Hazardous energy control is not optional these days. It is required by law for all employees who work on de-energized equipment where there is potential for injury if the equipment is unexpectedly re-energized. This is an extremely important part of the overall electrical safety program, not only because it is the law, but also because it is a key effective method toward ensuring that employees have the electrically safe work condition.

It is often called a lockout/tagout program. OSHA regulation 29 CFR 1910.333(b)(2) states: “While any employee is exposed to contact with parts of fixed electrical equipment or circuits which have been deenergized, the circuits energizing the parts shall be locked out or tagged out or both in accordance with the requirements of this paragraph.”

That paragraph covers the following subjects:
a) Establishment and maintenance of written procedures for lockout/tagout;
b) Establishment of safe procedures for de-energizing equipment;
c) Requirements for the use of locks and tags;
d) Verification of the de-energized condition;
e) Requirements before re-energizing the circuits.

This means that a hazardous energy control program shall be established to cover all employees whose jobs could possibly expose them to energized electrical conductors or circuit parts. Hazardous energy control of electrically operated equipment is important to nonelectrical workers also.

Consider the following examples:
-Two mechanics working on a crane runway were knocked 40 ft to the floor below when a control-circuit failure caused the crane to start unexpectedly.
- A pipe fitter was scalded when an operator depressed the “open” button on a motor operated valve.
- A two-man cleanup crew was buried in a storage silo when a conveyor was started accidentally.
- A hopper gate closed on the torso of a welder who was repairing the hopper lining.

All of these accidents have a common denominator.
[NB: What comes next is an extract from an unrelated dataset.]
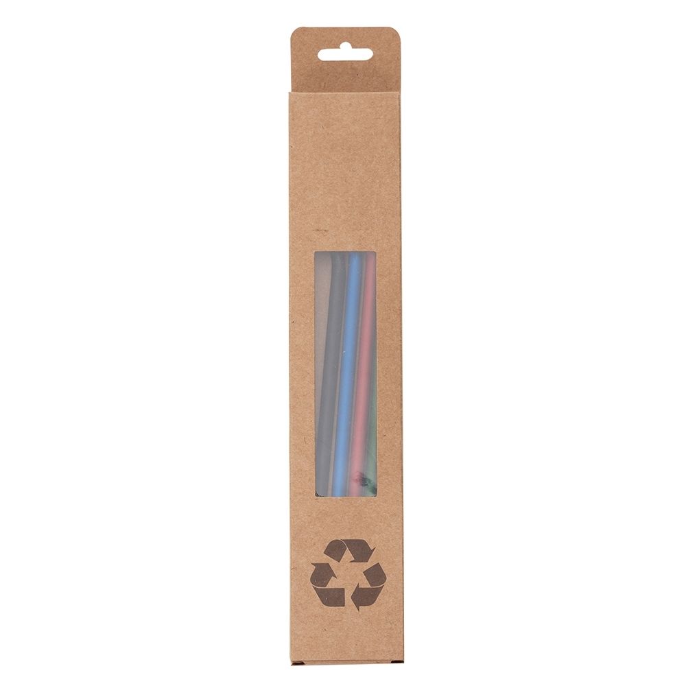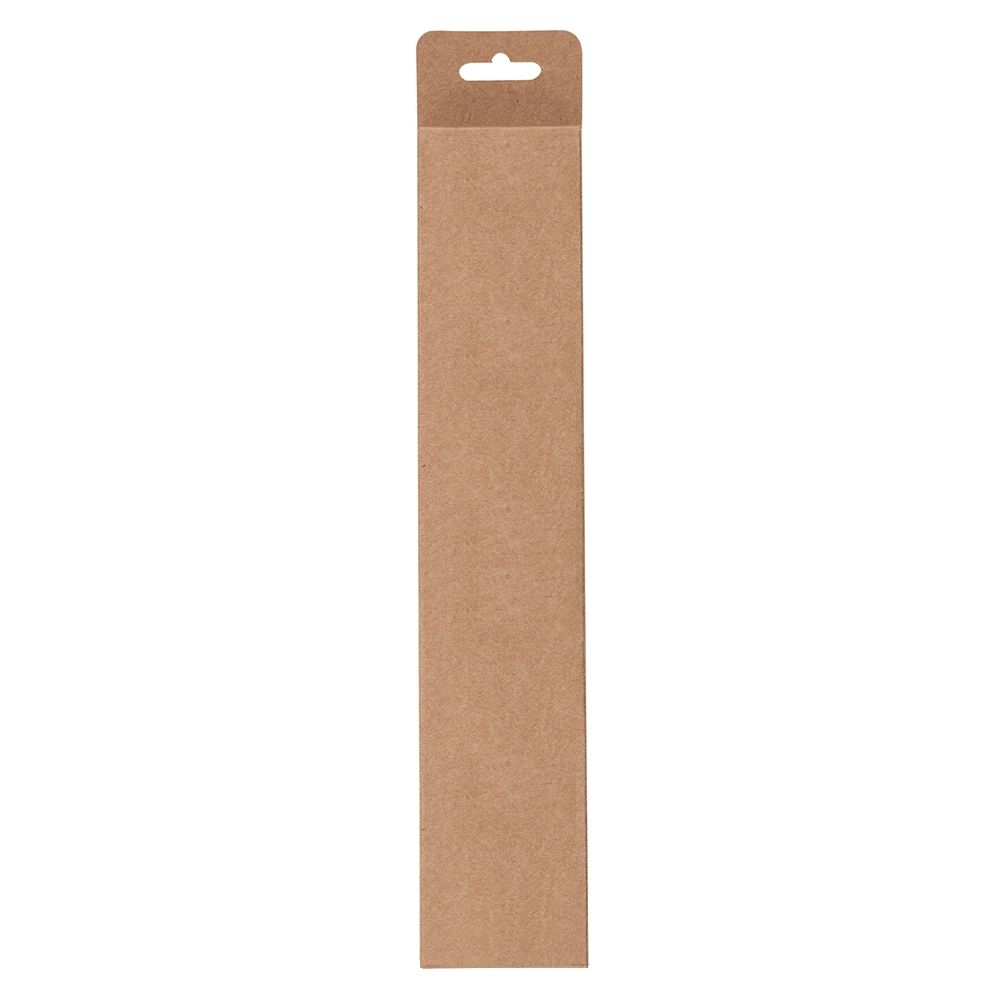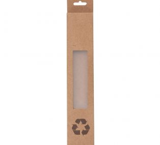 Descrição: Embalagem kraft para canudos, possui visor plástico e símbolo reciclável na parte frontal.

Although none involved electricians, nor electric shock or electrocution, all were electrically initiated. Furthermore, none would have occurred if proper electrical energy control procedures had been in effect.
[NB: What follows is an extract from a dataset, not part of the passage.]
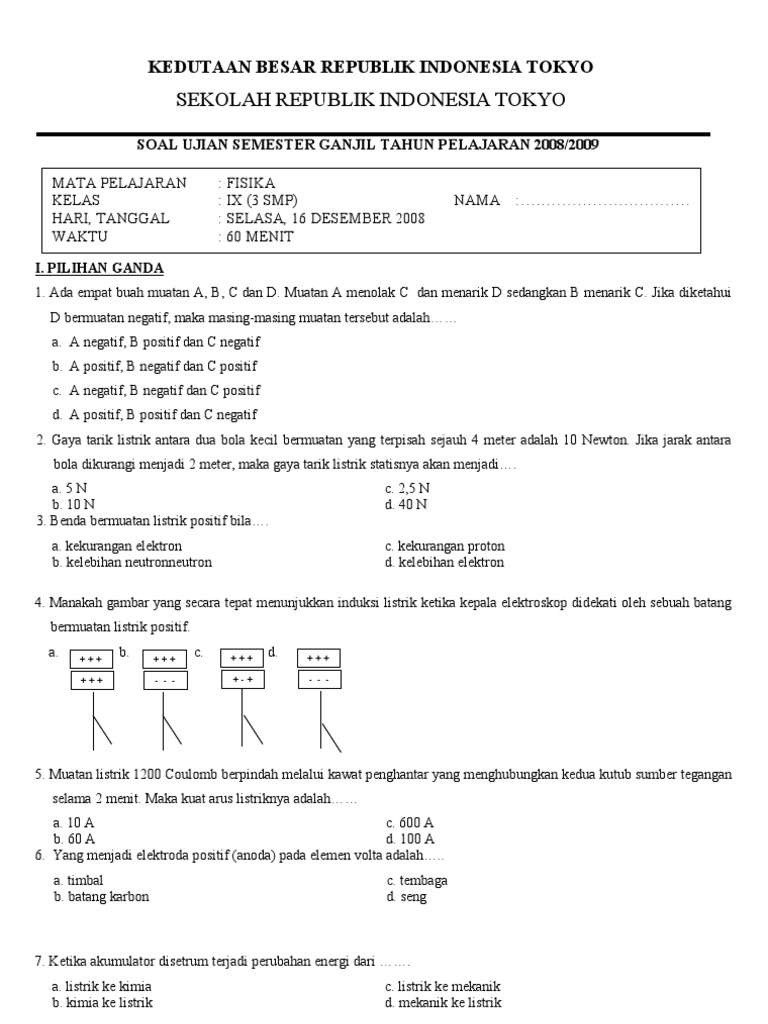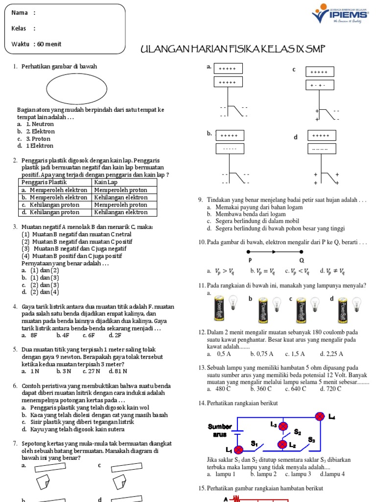 ulangan harian listrik statis smp kelas ix

A hazardous energy control procedure is a part of providing an electrically safe work condition for employees. This procedure is applicable to work on electrical equipment at all voltage levels, not just for higher voltage systems.
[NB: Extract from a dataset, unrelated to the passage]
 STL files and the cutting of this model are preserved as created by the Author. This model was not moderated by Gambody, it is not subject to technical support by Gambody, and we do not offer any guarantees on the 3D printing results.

Hazardous energy control procedures, in the electrical business, are often referred to as lockout/tagout procedures. There are several existing documents in which lockout/tagout procedures are discussed in detail. ANSI Z244.1-1982 is a document that provides good guidance for establishing lockout/tagout procedures. ANSI Z244.1-1982 has a sample lockout/ tagout procedure in its appendix.

It is quite obvious that the U.S. federal government is serious about control of hazardous energy in the workplace. OSHA regulation 29 CFR 1910.147 covers hazardous energy control in general and includes all kinds of hazardous energy, not just electrical. This document also contains a sample of a minimal lockout/tagout procedure.

OSHA regulation 29 CFR 1910.333 is speciÞcally aimed at lockout/tagout for electrical work in general industry. OSHA regulation 29 CFR 1926.417 discusses lockout and tagging of circuits for the construction industry.

OSHA regulation 29 CFR 1910.269 discusses lockout/tagout requirements for power generation, transmission, and distribution type work. Lockout/tagout practices and devices, including training, retraining, equipment, and procedures, are discussed in NFPA 70E-1995, Part II, Chapter 5.